ATI RN
ATI Pathophysiology Exam 3
1. A client presents to the emergency department with lower right quadrant abdominal pain, fever, nausea, and occasional diarrhea. After palpating the abdomen, the client displays tenderness. What would the nurse anticipate the client to be experiencing?
- A. Pseudomembranous colitis
- B. Peptic ulcer disease
- C. Appendicitis
- D. Esophageal cancer
Correct answer: C
Rationale: The correct answer is C: Appendicitis. The symptoms described - lower right quadrant abdominal pain, fever, nausea, diarrhea, and tenderness upon palpation - are classic signs of appendicitis. Appendicitis is an inflammatory condition of the appendix that often presents with these symptoms and requires immediate medical attention. Choice A, Pseudomembranous colitis, typically presents with watery diarrhea and is associated with antibiotic use. Choice B, Peptic ulcer disease, commonly presents with epigastric pain related to meals and can be accompanied by nausea or vomiting, but it does not typically cause right lower quadrant pain. Choice D, Esophageal cancer, usually presents with symptoms related to swallowing difficulties, weight loss, and sometimes chest pain, but it is not associated with the symptoms described in the scenario.
2. A 25-year-old just had a colonoscopy and was diagnosed with Crohn disease. Which of the following symptoms is consistent with this diagnosis?
- A. Right lower quadrant cramping
- B. Severe bloody diarrhea
- C. Nausea and vomiting
- D. Mostly affects the rectum
Correct answer: A
Rationale: The correct answer is A: Right lower quadrant cramping. Crohn's disease commonly presents with abdominal pain, particularly in the right lower quadrant. Choice B, severe bloody diarrhea, is more characteristic of ulcerative colitis, another type of inflammatory bowel disease. Choice C, nausea and vomiting, are not typical symptoms of Crohn's disease. Choice D is incorrect as Crohn's disease can affect any part of the gastrointestinal tract, not just the rectum.
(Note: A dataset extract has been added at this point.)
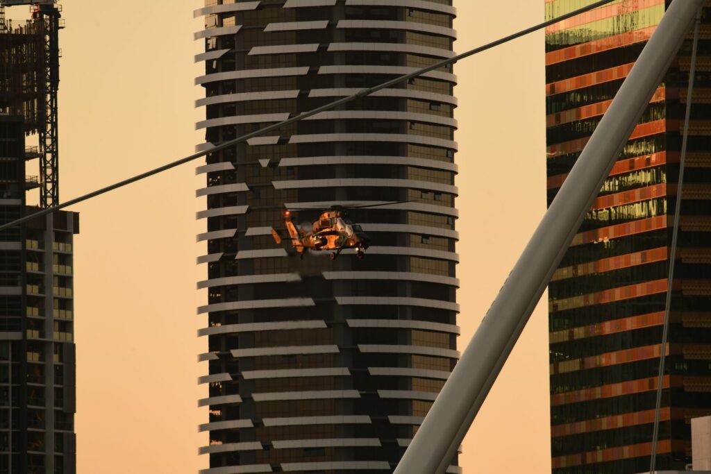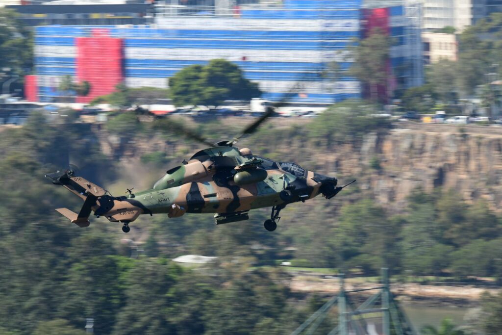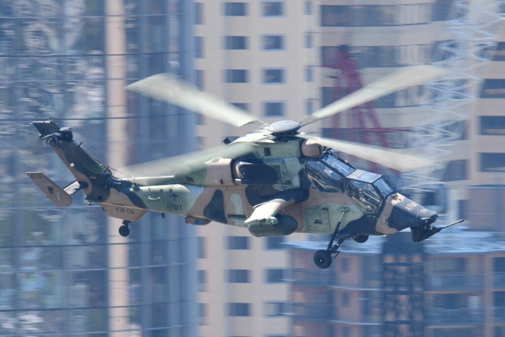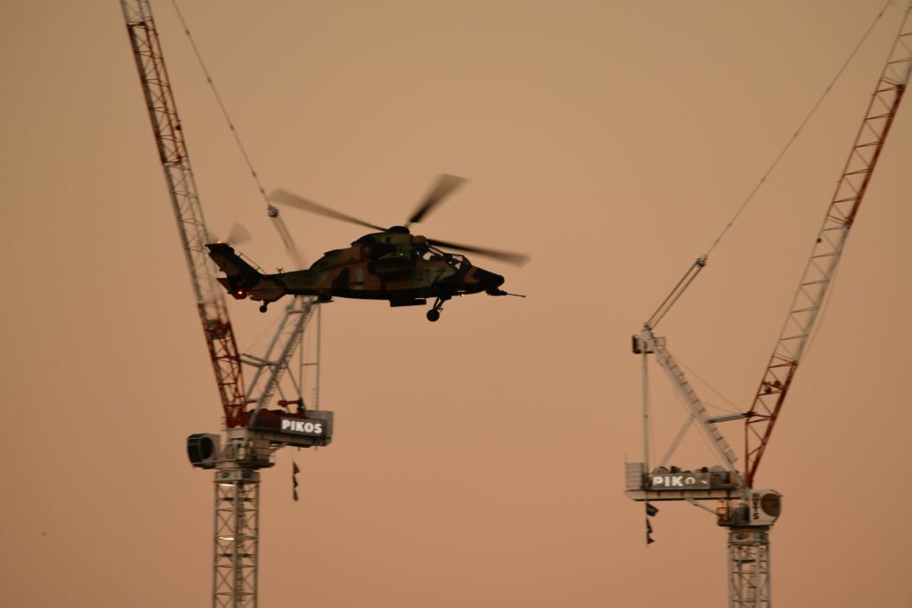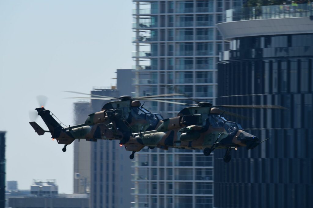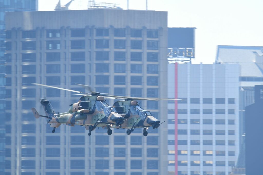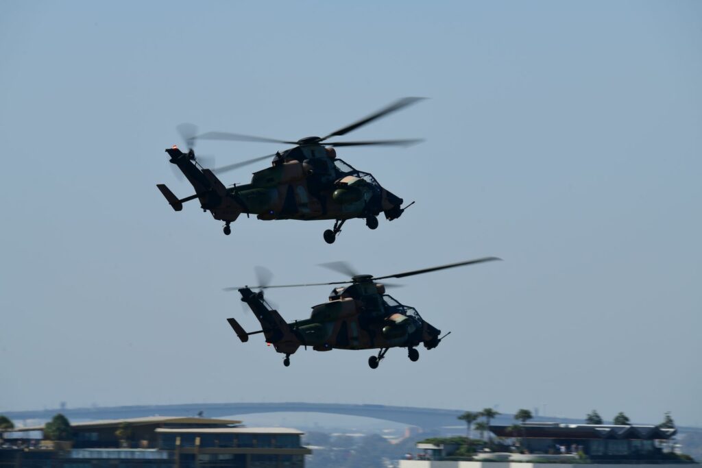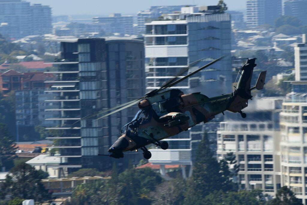 L’édition 2024 voit le retour de l’Eurocopter Tigre à Riverfire. Tout comme pour le C17, le point d’observation choisi est un rooftop à South Bank. Ce ne sont non pas un mais deux Tigres qui se présentent.

3. A 60-year-old man presents with painless hematuria. Which of the following should be the next step in the evaluation?
- A. Urinalysis
- B. Renal ultrasound
- C. Cystoscopy
- D. Intravenous pyelogram
Correct answer: C
Rationale: In a 60-year-old man presenting with painless hematuria, the next step in the evaluation should be cystoscopy. Cystoscopy is recommended to assess the cause of hematuria, particularly to rule out bladder cancer, which is more common in older individuals. Urinalysis (Choice A) can provide initial information but may not definitively diagnose the underlying cause. Renal ultrasound (Choice B) and intravenous pyelogram (Choice D) are imaging studies that may be considered later in the evaluation process but are not the initial step for painless hematuria.
4. In a 41-year-old male patient with a complex medical history diagnosed with secondary hypogonadism, which of the following health problems is the most likely etiology of his diagnosis?
- A. Type 1 diabetes
- B. Mumps
- C. An inflammatory process in the testicles
- D. Testicular trauma
Correct answer: C
Rationale: The correct answer is C: An inflammatory process in the testicles. Secondary hypogonadism in males can be caused by various factors, including an inflammatory process in the testicles. Mumps (choice B) can lead to orchitis but is less common in adults. Type 1 diabetes (choice A) is not a common cause of secondary hypogonadism. Testicular trauma (choice D) can cause primary hypogonadism but is less likely to cause secondary hypogonadism.
5. A 43-year-old man has tested positive for systemic candidiasis, and the care team has decided on IV fluconazole as a first-line treatment. When administering this medication, the nurse should
- A. administer the drug with lactated Ringer's.
- B. infuse the drug no faster than 200 mg/h.
- C. avoid administering the drug through a peripheral IV.
- D. administer prophylactic heparin prior to the fluconazole.
Correct answer: C
Rationale: When administering IV fluconazole, the nurse should avoid administering the drug through a peripheral IV. Fluconazole is known to cause phlebitis and tissue irritation if infused through a peripheral IV line. It is recommended to administer fluconazole through a central venous catheter to reduce the risk of complications. Choices A, B, and D are incorrect as there is no specific recommendation to administer the drug with lactated Ringer's, infuse it at a particular rate, or administer prophylactic heparin prior to fluconazole in this scenario.